Cregg and his colleagues studied three species of Christmas trees and studied dames to both buds and needles. For brevity, I will only look at the results for buds on the Black Hills Spruce (Picea glauca).
In Table 1 (p. 75), the authors show data for the bud mortality and 50% lethality (LD50) for each treatment group (days indoors) as a function of decreasing temperatures. The data for the spruce are shown in the following SAS DATA step. Each cell in the table represents the percentage of 60 cuttings that showed damage after being exposed to a freezing temperature. By knowing there were 60 cuttings, you can compute how many cuttings were damaged.

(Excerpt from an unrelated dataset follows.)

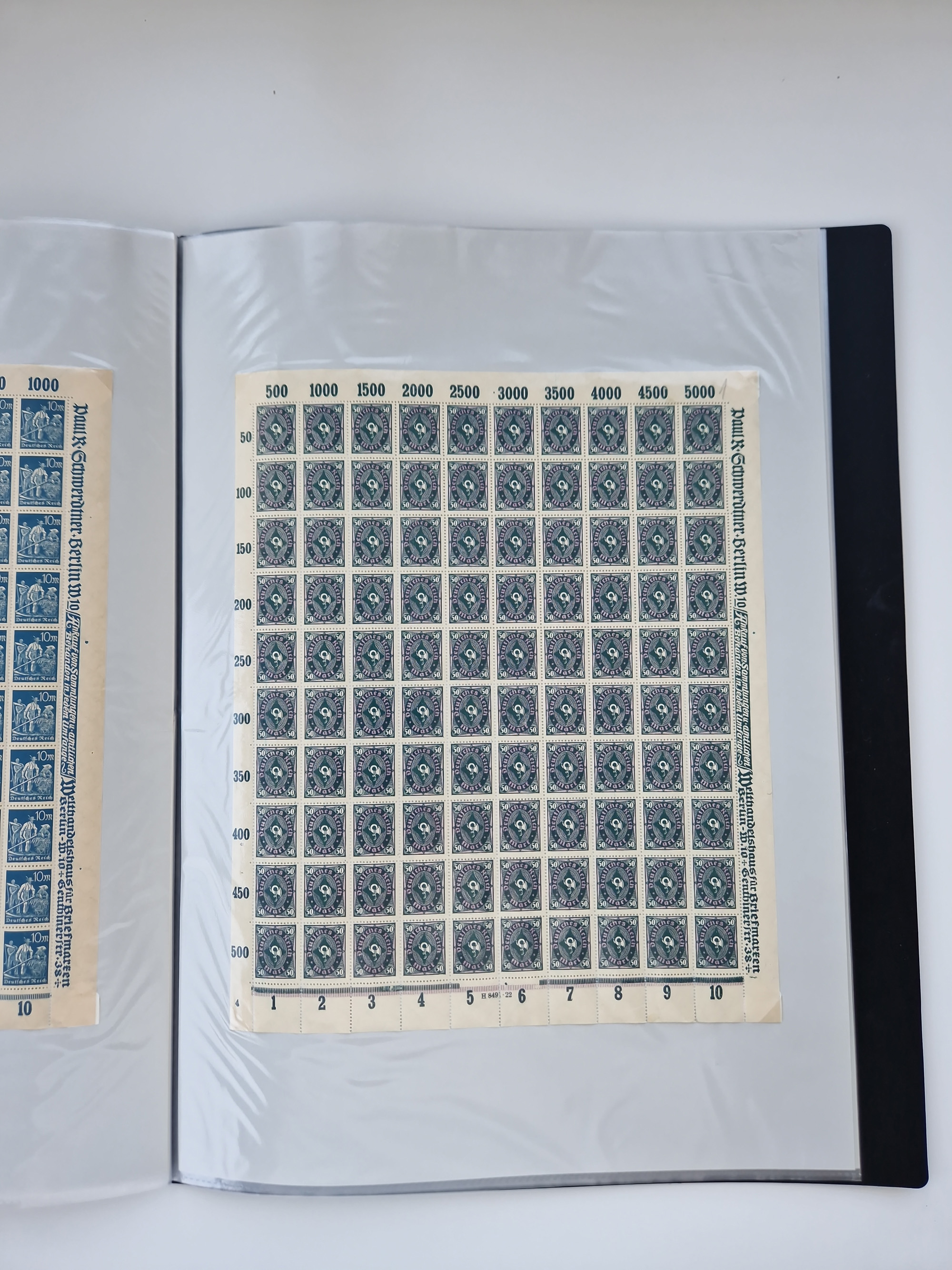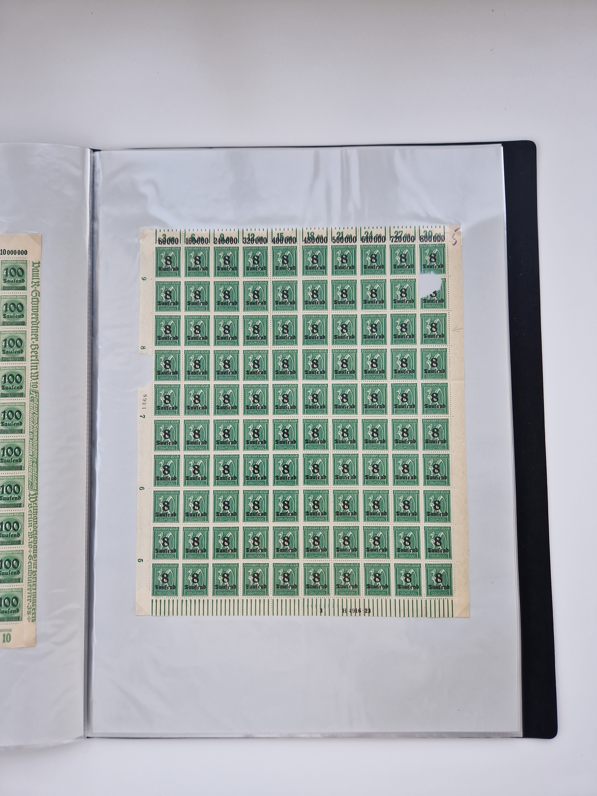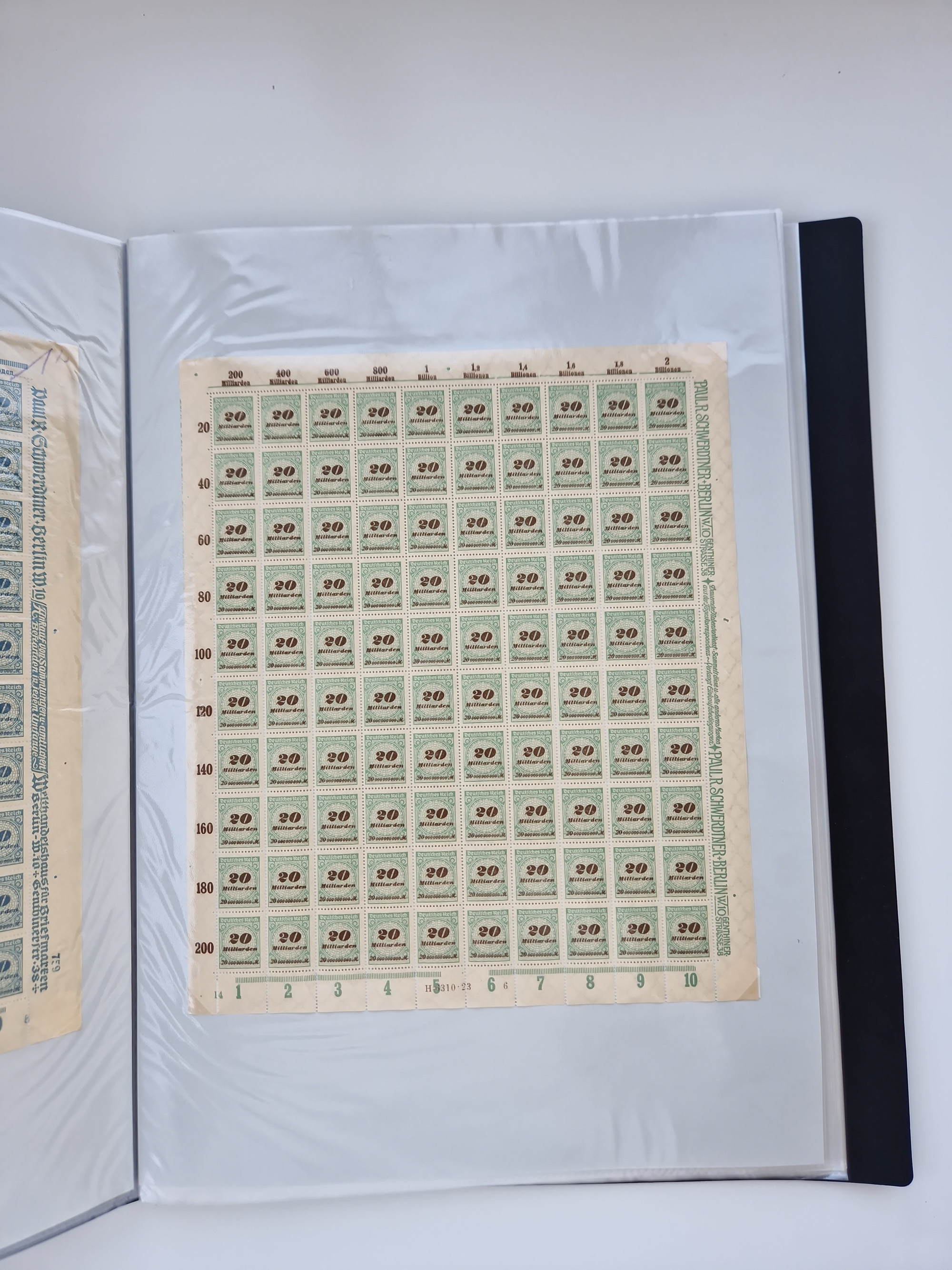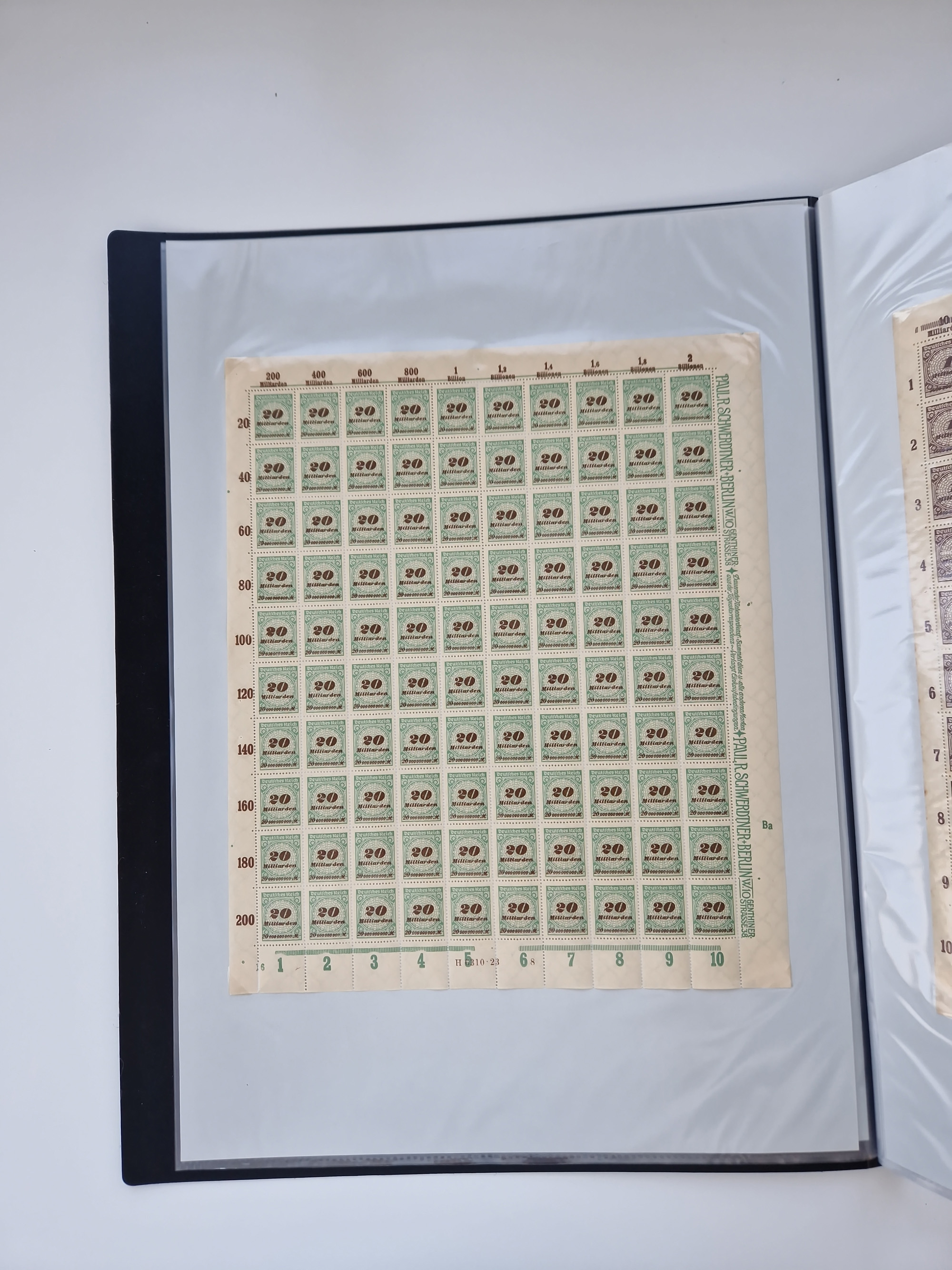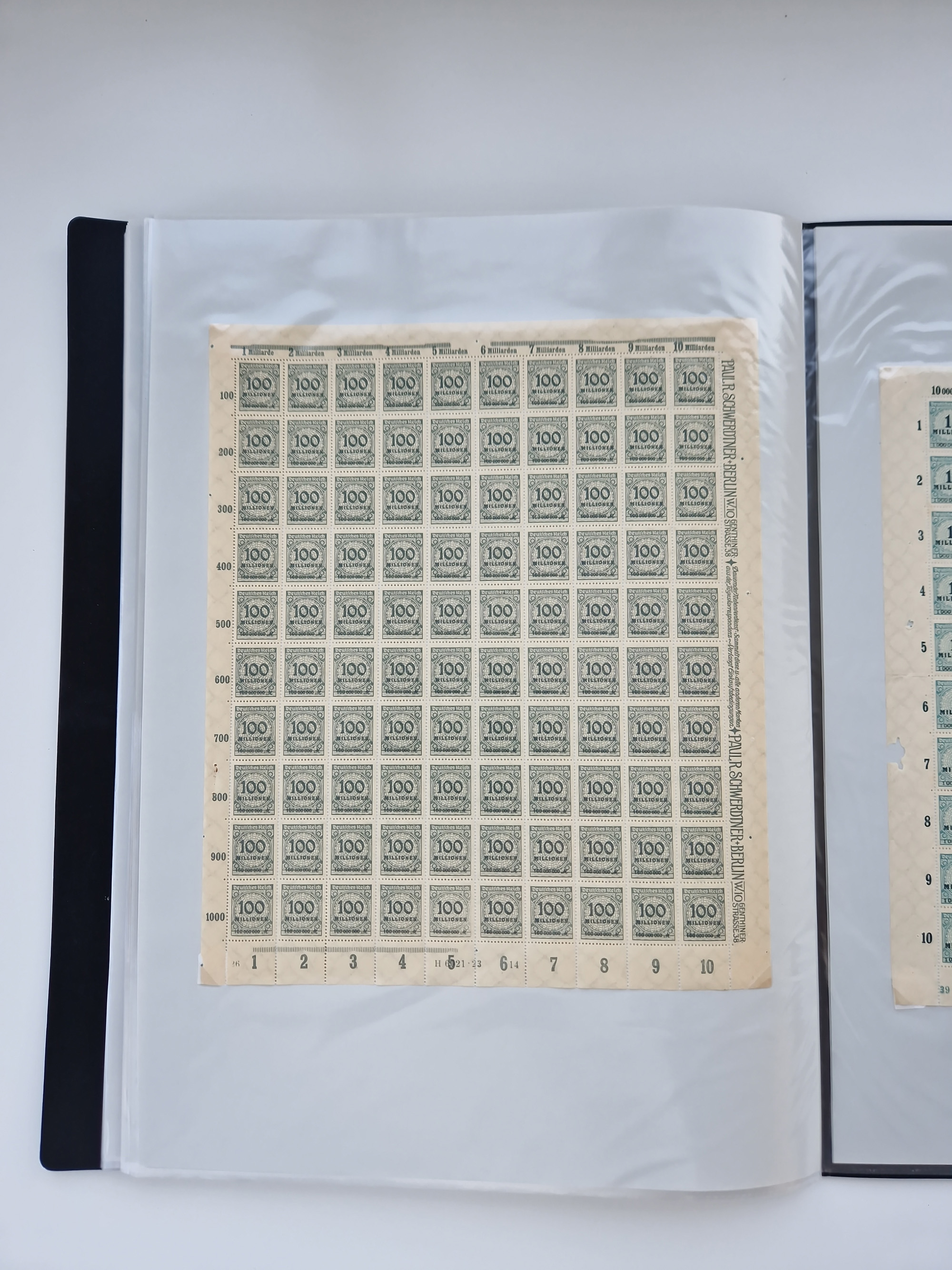 1921/22, postfrischer und ungebrauchter Bestand mit etwas über 200 Bogen und Bogenteilen, dabei Walzen- und Plattenbogen, HAN, Druckereizeichen, Pl.-Nr., auch Wz. Waffeln und Bogentaschen, teils sign. INFLA Berlin, etwas unterschiedliche Erhaltung, in zwei Ordnern

/* Bud mortality and LD50. Data from Table 1 of Gooch, Nzokou, & Cregg (2009). */ data SpruceBudDamage; Ntrials = 60; input TimeIndoors @; do Temp = -3 to -30 by -3; input BudMort @; NEvents = int(NTrials * BudMort / 100); /* compute NEvents from mortality */ output; end; label Temp = "Temperature (C)"; /* Bud Mortality (percent) as a function of temperature for each treatment */ /* Days | -------- Temperature (C) -------- */ /* Indoors |-3 -6 -9 -12 -15 -18 -21 -24 -27 -30 */ datalines; 0 0 0 0 0 0 6.7 0 0 20 100 3 0 0 0 0 0 0 0 30 80 100 7 0 0 0 0 0 0 10 40 100 100 14 0 0 0 0 0 0 0 80 100 100 20 0 0 0 0 20 40 100 100 100 100 ; |
The paper says that the LD50 "was determined graphically using a pairwise plot of the exposure temperature and the percentage of bud mortality ... for each species." I don't know what that means. It sounds like they did not estimate the LD50 statistically but instead graphed the bud mortality versus the temperature and used linear interpolation (or a smoother) to estimate the temperature at which the mortality is 50%. Here is a graph of the data connected by lines:
title "Bud Mortality in Black Hills Spruce"; proc sgplot data=SpruceBudDamage; series x=Temp y=BudMort / markers group=TimeIndoors lineattrs=(thickness=2); refline 50 / axis=y lineattrs=(color=red); xaxis grid; yaxis grid; run; |
The horizontal red line in the graph is the line of 50% mortality. For each curve, a crude estimate of LD50 is the temperature at which the curve crosses that line. The graphical estimates and the estimates in the paper are shown in the following table. The estimates in the authors' paper are greater than the estimates from my graph, but I do not know why. If you use something other than linear interpolation (for example, a loess smoother), you will get different curves and different estimates.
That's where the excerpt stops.